Our fair city is glowing with golden wattles and so are these wonderful Gardens. Acacia baileyana [Section 227] colours the car-park wall with golden flowers and outside the Visitor Centre the sloping bed is covered with the soft gold flowers of the Snowy River Wattle, Acacia boormanii [Section 210]. This walk follows the Main Path, starting at the end of the Café building, where many wattles as well as grevilleas and many other flowers can be seen. 

flower image
Astartea 'Winter Pink' - click for larger image

Hardenbergia violacea [Section 12] stretches its vines covered with purple pea flowers along the earth. Astartea ‘Winter Pink’ [Section 11] is a slender upright shrub with small clusters of tiny pink flowers. Eremophila maculata subsp. brevifolia [Section 302] has burgundy-coloured tubular flowers amid its foliage while Rhodanthe anthemoides  ‘Chamomile Cascade’ [Section 303] covers the small dense plant with white daisies.

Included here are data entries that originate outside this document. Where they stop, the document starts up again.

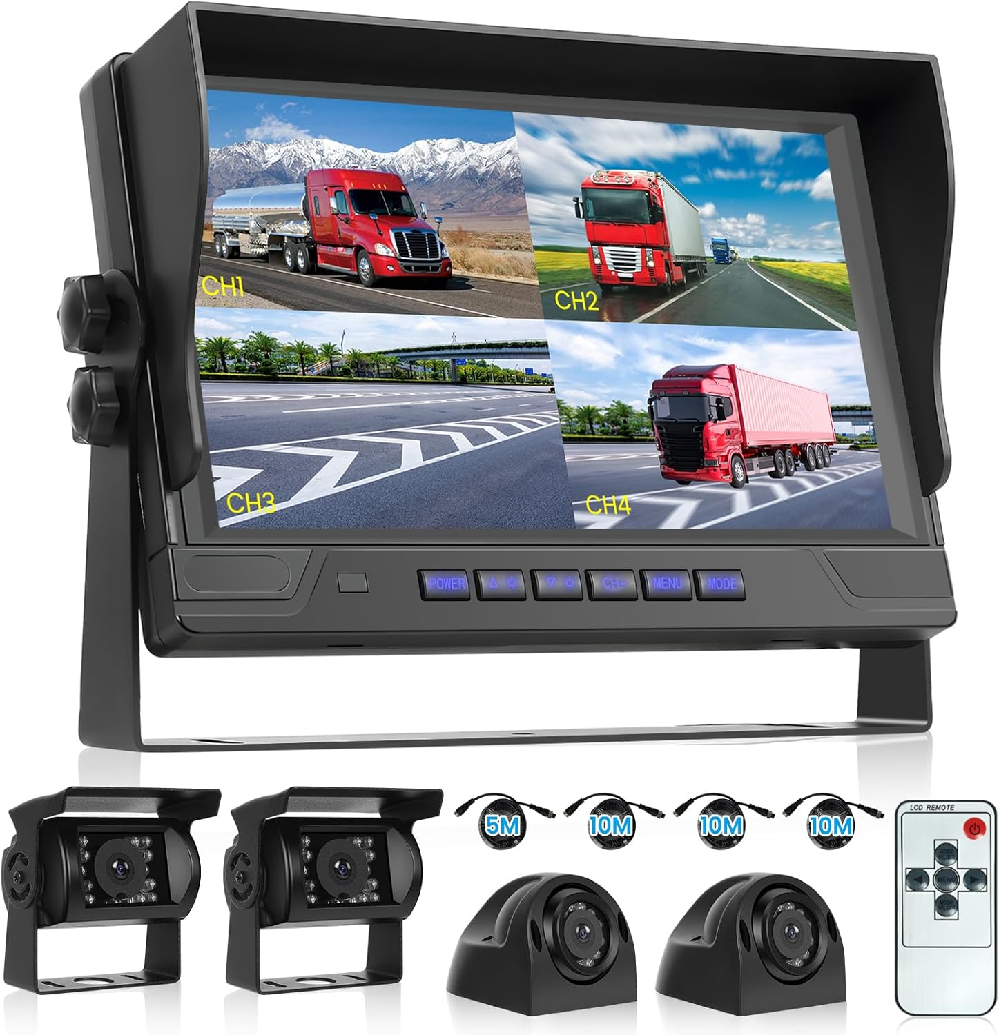 RV Backup Camera System 1080P, Hodozzy 9 Inch 4 Split Screen Monitor System, Waterproof 4 Reverse Cameras Night Vision Reversing Camera Kit for Car Truck/Trailer/Bus Truck/RV, DVR Loop Recording
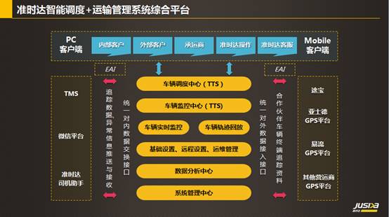 准时达的智能调度+运输管理系统平台,开放式地引入了市场上先进的供应链规划和系统工具,并对其进行充分的数据集成。通过PC和Mobile客户端,为客户提供便捷的可视化查询工具。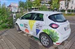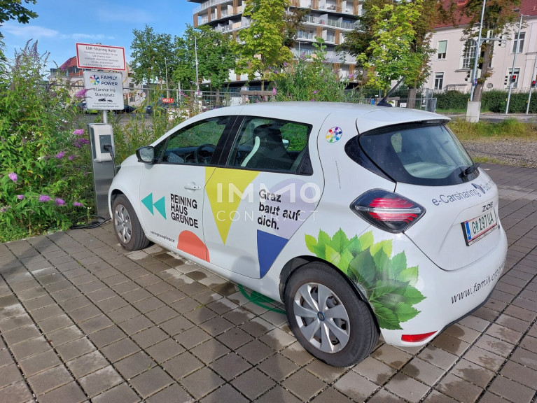Ein zukunftsweisendes Mobilitätskonzept baut den öffentlichen Verkehr aus und investiert in die E-Mobilität mit E-Car-Sharing direkt vor dem Gebäude.

Possum Banksia, Banksia baueri [Section 30, 27], is yet a small shrub with lovely woolly grayish flower spikes. Philotheca (previously Eriostemon) ‘J. Semmens’ [Section 30] has a covering of pink buds, now exploding into white double-petalled flowers. The large shrub Banksia ericifolia var. ericifolia [Section 30] is bright with deep gold cylindrical flower spikes. In front, Acacia baileyana [Section 30] is prostrate and well covered with gold fluffy flower balls. Grevillea lavandulacea ‘Tanunda’ [Section 30] is a prostrate border plant with grey foliage brightened with cherry red flowers. Down the bank Banksia spinulosa var. collina [Section 27] is a well-manicured shrub with yellow flower spikes.

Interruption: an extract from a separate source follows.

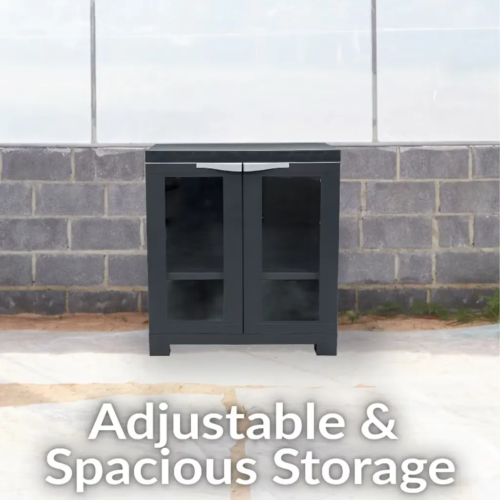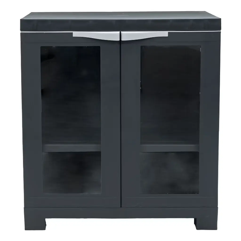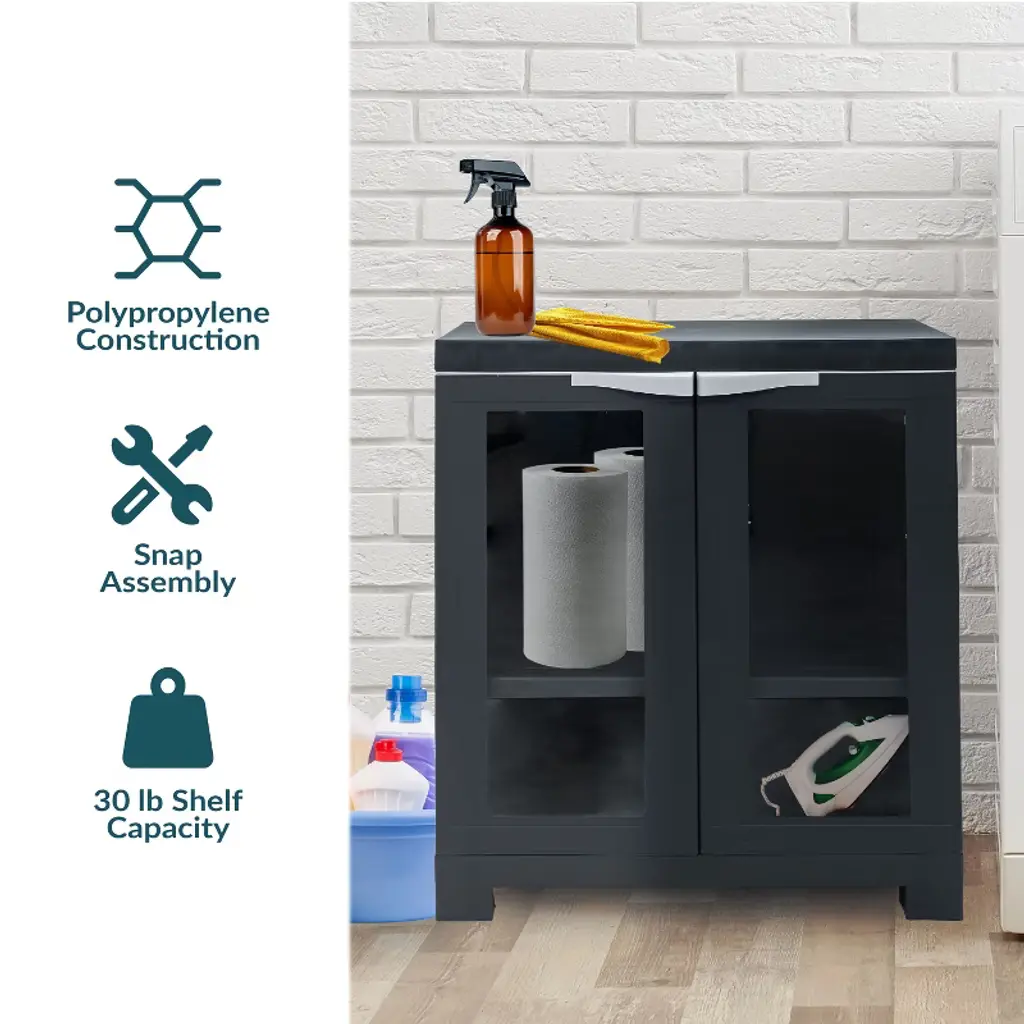Organize all spaces in the home with this heavy-duty resin office storage cabinet with doors. Designed for indoor use, this plastic utility storage cabinet provides a convenient place to keep tools, office supplies, games, cleaning supplies, and more in the mudroom, office, closet, garage, or shed. The resin storage cabinet is made from durable polypropylene plastic material. Polypropylene is durable and won't crack or peel over time. The smooth surface and material make this cabinet easy to clean; just use a solution of mild detergent and water to wipe away dirt. This cabinet can accommodate almost any common household item thanks to the adjustable shelf. The shelf can be adjusted in 4" increments to fit most storage needs. The opaque design of the cabinet keeps its contents out of sight for a clean, clutter-free look in any room.• CONVENIENT STORAGE: The plastic storage cabinet with doors is a convenient storage option for a closet, office, or garage. The cabinet measures 23.25" W x 13.75" D x 25.5" H overall and weighs 9.8 lbs. The adjustable shelf measures 21" W x 11.75" D x 1" thick and can be adjusted in 4" increments. The shelf holds 30 lbs, and the top of the cabinet holds 30 lbs. The doors each feature a 7" W x 17.75" H window to view the contents of the cabinet.• HEAVY-DUTY MATERIAL: Made from durable polypropylene, this freestanding garage cabinet is built to last. The windows are made from durable and shatterproof plexiglass to keep items protected and within view. Polypropylene is a heavy-duty material that is easy to clean. Just use a soft cloth, warm water, and a mild detergent to wash away dirt.• VERSATILE STORAGE SOLUTION: Use the storage cabinet with glass doors and shelves to contain tools, supplies, and more in the garage, or place it in a living room to organize books, board games, puzzles, and more. The cabinet is also great for storing office or cleaning supplies in a closet or home office space.• ADJUSTABLE SHELF: Easily store a variety of items in this plastic cabinet with doors by adjusting the shelf to fit most needs. The window-front doors of the cabinet keep the contents in view for quick and easy access to items. The see through doors also make the cabinet a great option for displaying collectible items or decor.• WORRY-FREE PURCHASING: Sunnydaze Decor backs its products with a 1-year manufacturer's warranty.

Across the road are many grevilleas including Grevillea ‘Poorinda Adorning’ [Section 24], a small spreading plant with orange-red flowers. Grevillea flexuosa [Section 26] has terminal cigar-shaped yellow flowers on its waving branches. In front, Isopogon dubius [Section 26] is yet a small shrub displaying rose-pink silky flowers…really lovely. Across the road Phebalium glandulosum [Section 112] is a small plant bright with yellow flower clusters.

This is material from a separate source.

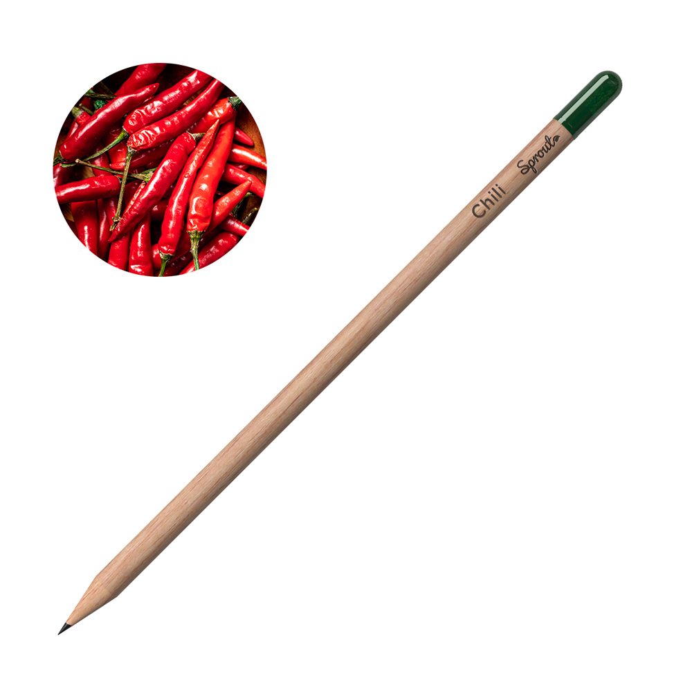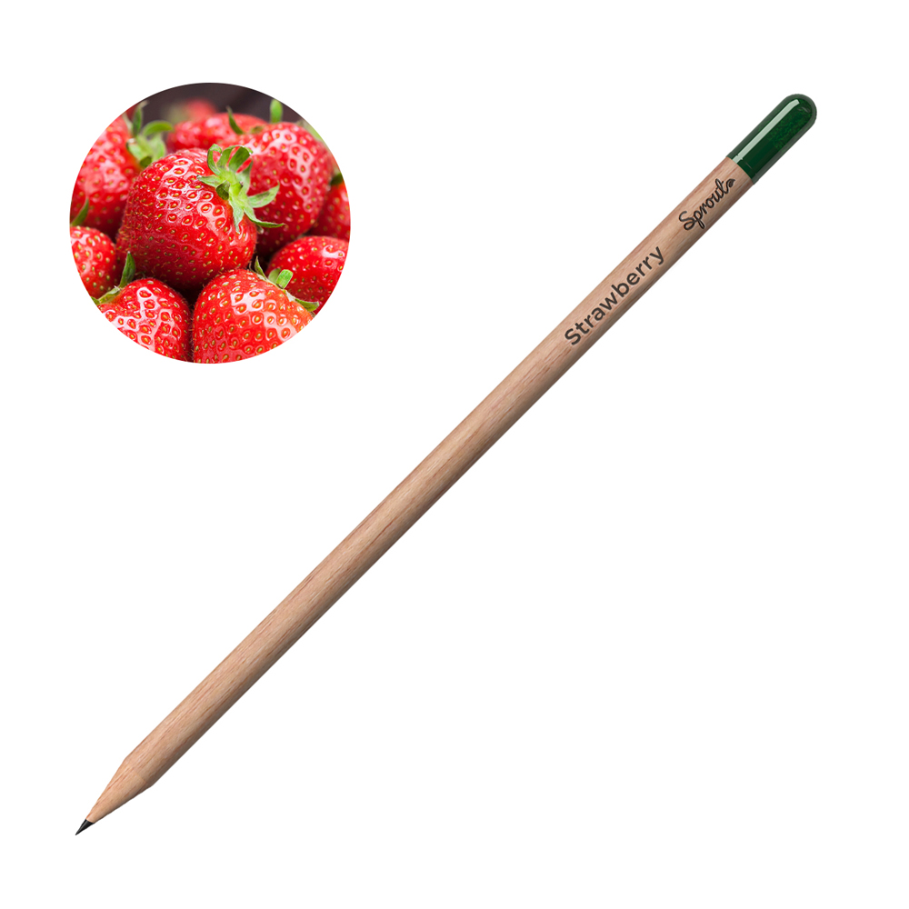 Рекламен графитен молив с капсула съдържаща семена за засаждане на ягода.

Follow the curving path through the Sydney Region Gully to find Grevillea sphacelata [Section 191H], a medium open shrub with interesting small grey flower heads. The self-seeding yellow straw daisies of Bracteantha sp. [Section 191S] are bright and the deep golden globular flower balls on the dwarf spreading Acacia gordonii [Section 191E] spread over the path. Opposite, Leucopogon neoanglicus [Section 191M] is a dwarf plant almost covered with tiny pink tubular flowers. Acacia leucoclada subsp. argentifolia [Section 191L] is a tree with soft silvery divided foliage decorated with strands of yellow globular flowers.

Follow the path through the Eucalypt Lawn and another section of wattles, to see Hakea recurva [Section 20], a large rounded shrub well covered with clusters of deep cream flowers, and Hakea scoparia [Section 20], not so large but pink with flowers dense along its terminal branches. The Rock Garden includes a corner of the soft pink daisies, Rhodanthe chlorocephala subsp. rosea [Section 15R], and Guichenotia macrantha [Section 4], an upright small shrub with downturned mauve-pink cup-shaped flowers mingling with the grey foliage.

In the Rainforest Gully the Yellow Sassafras, Doryphora sassafras [Section 147, 148], is a tall tree with shiny fragrant toothed leaves and white petalled flowers. Then down the ramp to where Eremophila maculata [Section 210] is bearing its bright yellow tubular flowers.

Always another flower to admire …                                      Barbara Daly.